Vermont Senator Bernie Sanders, an Independent who caucuses with the Democrats and is a self-described “democratic socialist,” said his campaign is about bringing people together to stop Trump’s divisiveness.

Vermont Sen. Bernie Sanders speaks at the Poor People's Campaign Moral Action Congress in Washington, D.C. on June 17, 2019.
Vermont Sen. Bernie Sanders speaks at the Poor People's Campaign Moral Action Congress in Washington, D.C. on June 17, 2019. | The Christian Post

Sanders assured that his campaign has been going to parts of the country where President Donald Trump won in 2016.

“We say to those white workers, ‘You think that African Americans and immigrants are your enemy? Well, you got it backward. Why don’t you take a look at Wall Street, the drug companies, the insurance companies and the military industrial complex,’” Sanders said. “What demagogues always do is try to divide people up so that their anger and frustration [is put] on minorities, people that have no political power. What our campaign is about is exactly the opposite.”

“The way we win and what this campaign is about is waging a political revolution which understands that not only do we have to win this election but that is not enough,” Sanders added. “To transform this country, millions of people — black, white, Latino, Native American and Asian American — have got to come together to tell the people who have the power now that this power structure will no longer continue.”

Sanders did not mince words when discussing the issue of gerrymandering and voter suppression, calling Republican governors whom he accused of suppressing votes in their respective states “political cowards.”

“They refuse to participate in a free and fair election because they know that if poor people, people of color and young people are allowed to vote and do vote in large numbers, they will lose,” Sanders claimed, adding that he also wants to provide people in prisons with the ability to vote.

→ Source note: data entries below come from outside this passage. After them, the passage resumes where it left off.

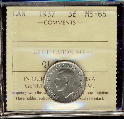 1937 Dot 5¢ ICCS MS65, superb Gem! Fully lustrous.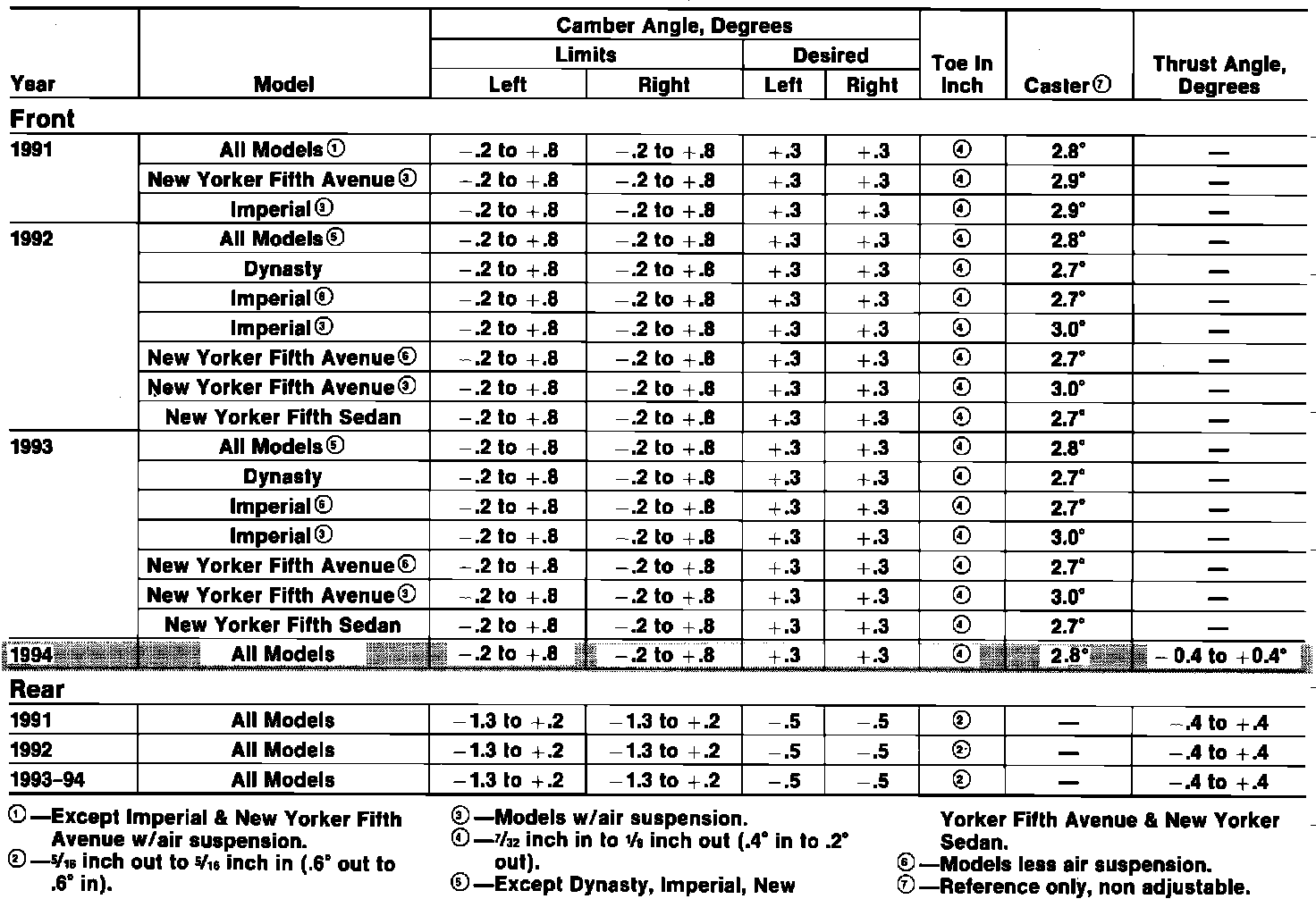 Wheel Alignment Specifications: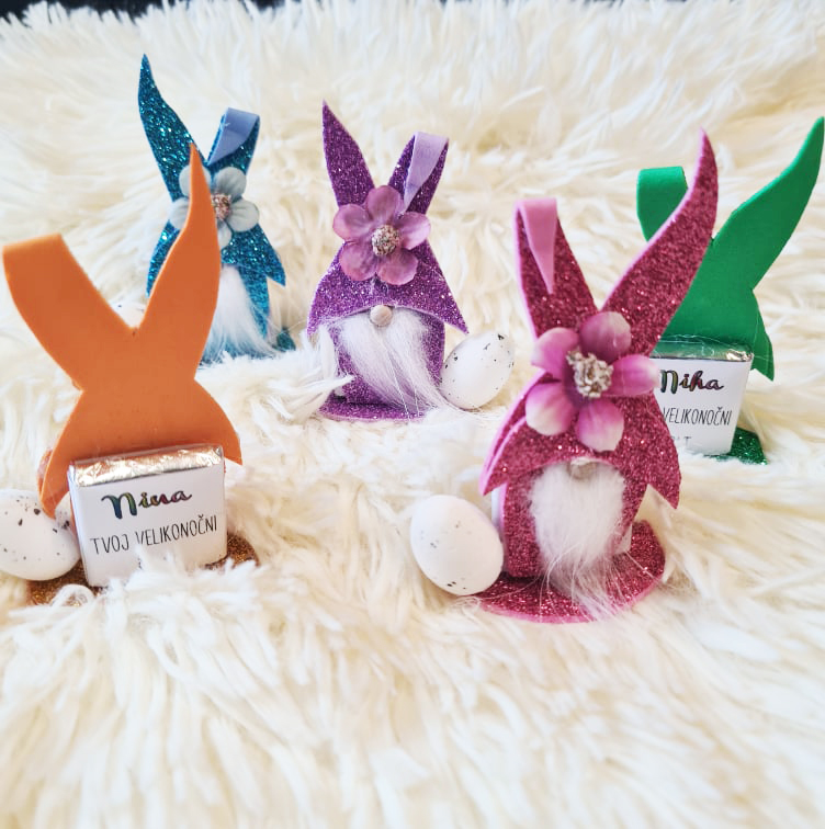 Na veliko noč je običaj, da se zbere družina in kaj je lepšega kot najdražjim pripraviti še malo presenečenje: samostoječega škrata s čokolado v nahrbtniku in imenom! Verjemite, ob velikonočnem kosilu, ga bo vesel vsak član družine. Mala sladka simpatična darila za domače, sorodnike ali prijatelje.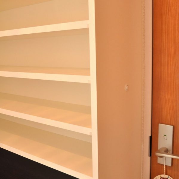 今回製作させていただいたデスク収納の特徴は、クローゼット機能を有しているところでしょうか。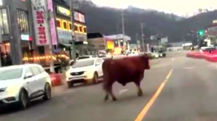 이 소는 도축장 2㎞ 근방을 1시간여 동안 돌아다니다가 경찰과 소방에 구조됐습니다.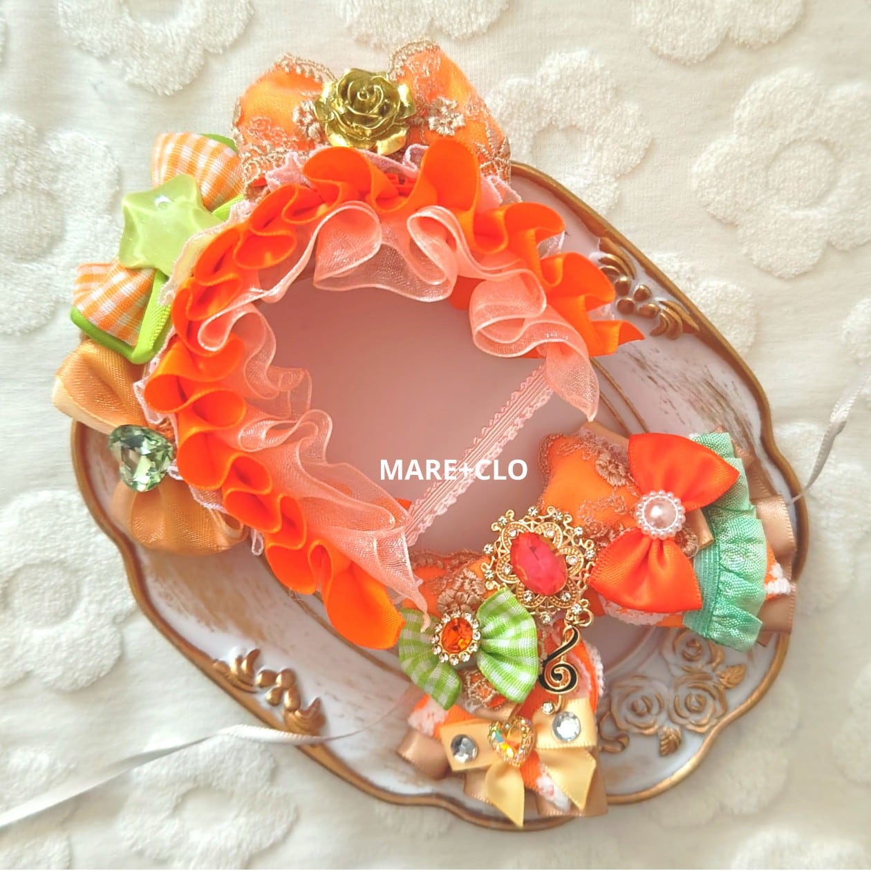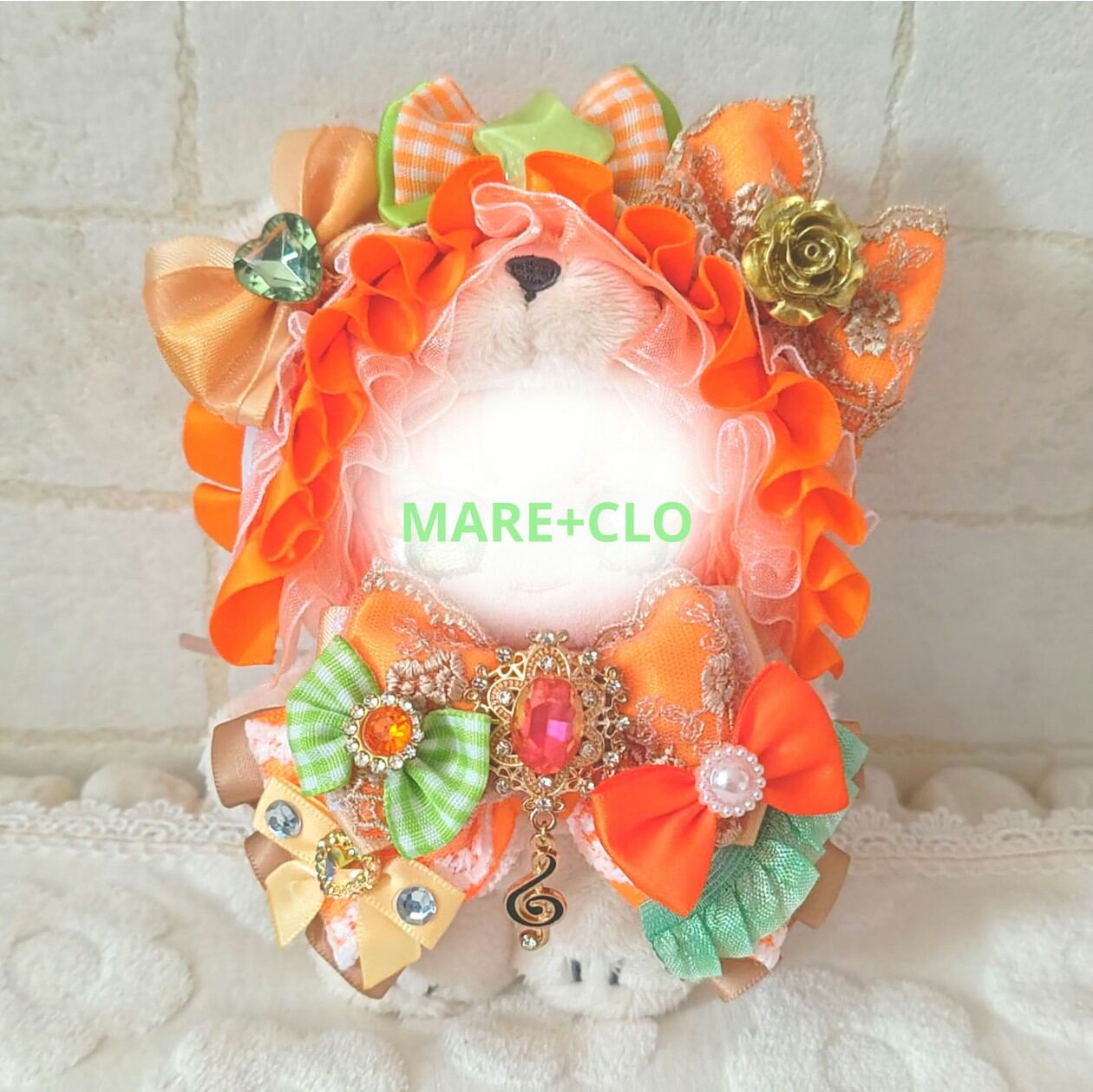 100 ぬい服 ヘッドドレス リボン 11〜13cm レース ぬいぐるみ用 オレンジ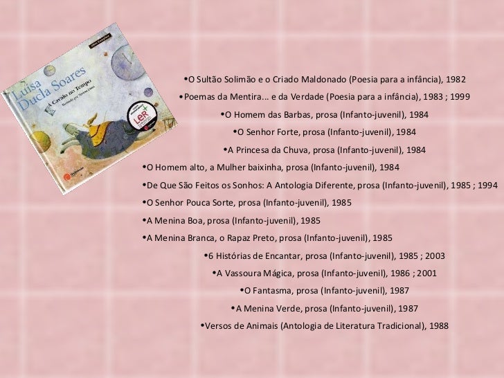 9. 9. <ul><li>O Sultão Solimão e o Criado Maldonado (Poesia para a infância), 1982 </li></ul><ul><li>Poemas da Mentira... e da Verdade (Poesia para a infância), 1983 ; 1999 </li></ul><ul><li>O Homem das Barbas, prosa (Infanto-juvenil), 1984 </li></ul><ul><li>O Senhor Forte, prosa (Infanto-juvenil), 1984 </li></ul><ul><li>A Princesa da Chuva, prosa (Infanto-juvenil), 1984 </li></ul><ul><li>O Homem alto, a Mulher baixinha, prosa (Infanto-juvenil), 1984 </li></ul><ul><li>De Que São Feitos os Sonhos: A Antologia Diferente, prosa (Infanto-juvenil), 1985 ; 1994 </li></ul><ul><li>O Senhor Pouca Sorte, prosa (Infanto-juvenil), 1985 </li></ul><ul><li>A Menina Boa, prosa (Infanto-juvenil), 1985 </li></ul><ul><li>A Menina Branca, o Rapaz Preto, prosa (Infanto-juvenil), 1985 </li></ul><ul><li>6 Histórias de Encantar, prosa (Infanto-juvenil), 1985 ; 2003 </li></ul><ul><li>A Vassoura Mágica, prosa (Infanto-juvenil), 1986 ; 2001 </li></ul><ul><li>O Fantasma, prosa (Infanto-juvenil), 1987 </li></ul><ul><li>A Menina Verde, prosa (Infanto-juvenil), 1987 </li></ul><ul><li>Versos de Animais (Antologia de Literatura Tradicional), 1988 </li></ul>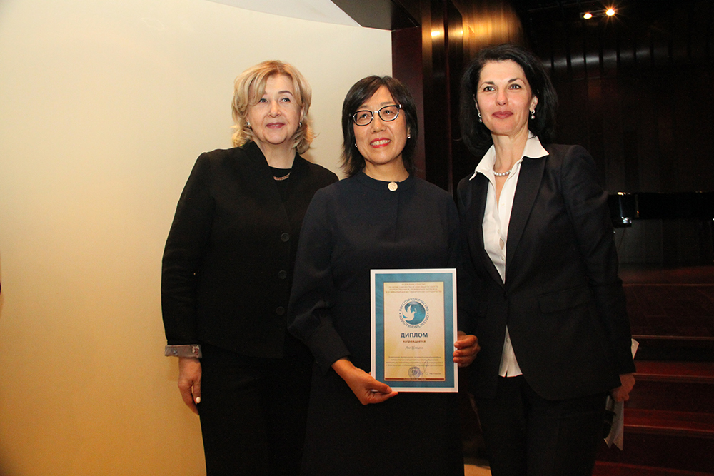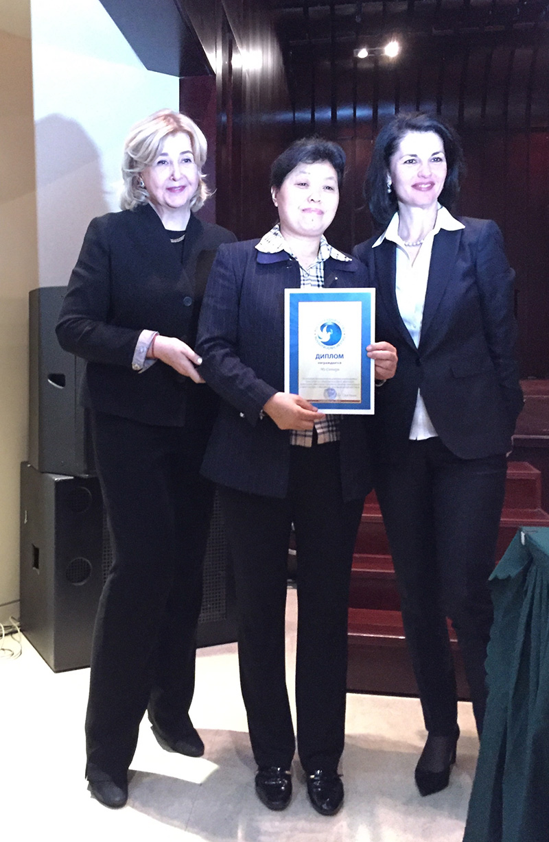 2018年10月19日外围买球app十大平台官网俄文系教师刘娟和穆新华在北京俄罗斯文化中心接受俄罗斯联邦国际人文合作属颁发的荣誉证书。俄罗斯联邦科学与教育部副部长Марина Александровна Боровская女士受国际人文合作属委托向获奖者颁发证书。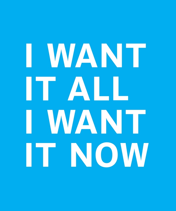 I WANT IT ALL I WANT IT NOW 2018, blue and white poster, ink on paper, 22 x 18 inches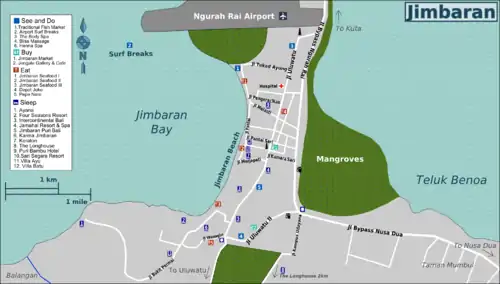 - π Mango Tree Villas (4 km or about 7 min from the airport), β +62 361 701844, villamangotree@gmail.com. 1- and 2-bedroom villas with private swimming pool and garden in Jimbaran village. 350 m to the beach and 100 m to the market and main temple. Breakfast and daily cleaning included. US$140-180.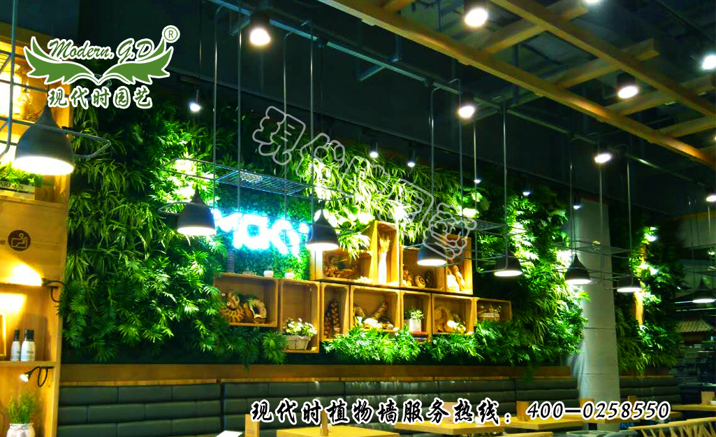 圍繞全國連鎖米旗蛋糕店而設(shè)計的綠色環(huán)保植物墻,采取工藝為我公司自主研發(fā)生產(chǎn)的種植箱模塊式植物墻所施工,安裝簡單快速且有安全及成活率保障。所安裝墻面為圓柱形墻面,采用主色系兩種分別為綠色,共三種植物分別為:綠蘿、金邊吊蘭、袖珍椰子。整體效果美觀整潔,及凈化空氣體現(xiàn)蛋糕店的環(huán)保理念又達(dá)到很好的墻面裝飾效果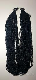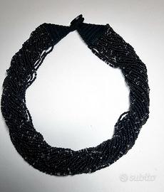 Black Lagoon - Collana vintage multifilo con perle di vetro nere, 58 cm, fatto a mano, Italia, anni '80-'90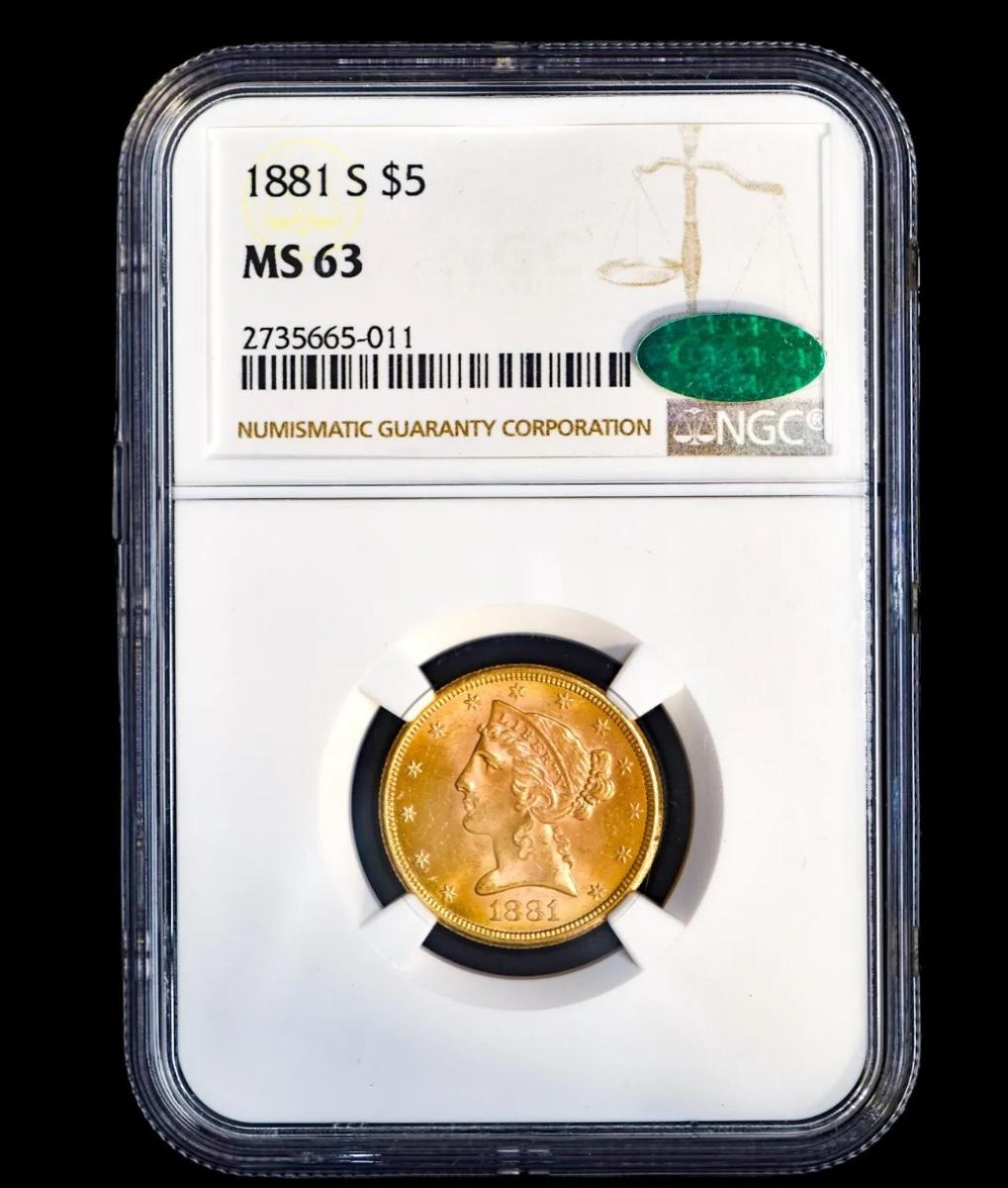 1881-S $5 GOLD LIBERTY NGC MS-63 CAC HALF EAGLE COIN UNCIRCULATED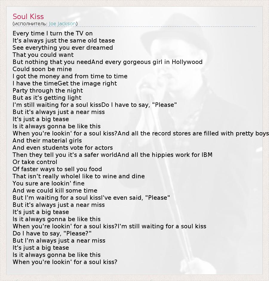 Every time I turn the TV on It's always just the same old tease See everything you ever dreamed That you could want But nothing that you needAnd every gorgeous girl in Hollywood Could soon be mine I got the money and from time to time I have the timeGet the image right Party through the night But as it's getting light I'm still waiting for a soul kissDo I have to say, "Please" But it's always just a near miss It's just a big tease Is it always gonna be like this When you're lookin' for a soul kiss?And all the record stores are filled with pretty boys And their material girls And even students vote for actors Then they tell you it's a safer worldAnd all the hippies work for IBM Or take control Of faster ways to sell you food That isn't really wholeI like to wine and dine You sure are lookin' fine And we could kill some time But I'm waiting for a soul kissI've even said, "Please" But it's always just a near miss It's just a big tease Is it always gonna be like this When you're lookin' for a soul kiss?I'm still waiting for a soul kiss Do I have to say, "Please?" But I'm always just a near miss It's just a big tease Is it always gonna be like this When you're lookin' for a soul kiss?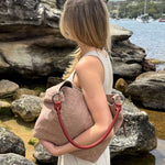 The Sunday Slouchy is a shoulder bag made from jute with a leather handle. This bag embraces relaxed style through its slouchy silhouette, neutral tones and organic fabrication.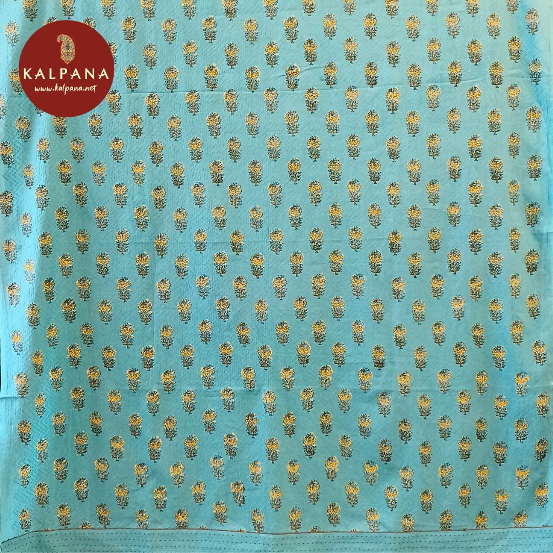Shirt: Light Turquoise Coloured Printed With Embroidery Pure Cotton Unstitched Suit and Border.
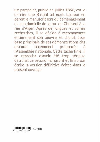 Ce pamphlet, publié en juillet 1850, est le dernier que Bastiat ait écrit. L'auteur en perdit le manuscrit lors du déménagement de son domicile de la rue de Choiseul à la rue d'Alger. Après de longues et vaines recherches, il se décida à recommencer entièrement son oeuvre, et choisit pour base principale de ses démonstrations des discours récemment prononcés à l'Assemblée nationale. Cette tâche finie, il se reprocha d'avoir été trop sérieux, détruisit ce second manuscrit et finira par écrire la version définitive éditée dans le présent ouvrage.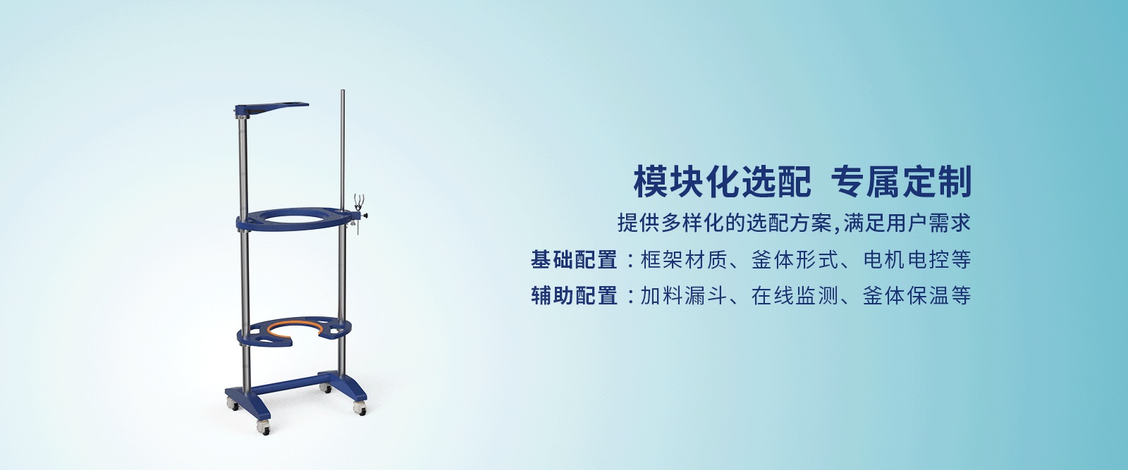 8、模塊化選配,提供多樣化的選配方案,滿足用戶需求。基礎(chǔ)配置:框架材質(zhì),釜體形式,電機電控等。輔助配置:加料漏斗,在線監(jiān)測,釜體保溫等。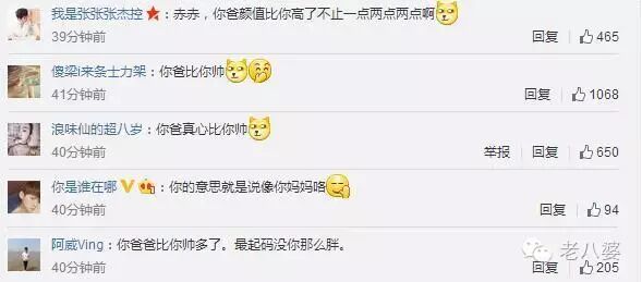 网友评论一边倒的说陈赫没有他爸爸帅。

Other candidates who spoke at the forum included Democrats such as Colorado Sen. Michael Bennet; Mayor Wayne Messam of Miramar, Florida; Rep. Eric Swalwell, D-Calif.; activist and author Marianne Williamson, and philanthropist Andrew Yang.

The Poor People’s Campaign, which takes the same name as the movement led by Martin Luther King Jr. during the 1960s, released its “moral agenda” document last year. The document serves as the campaign’s “Declaration of Fundamental Rights.”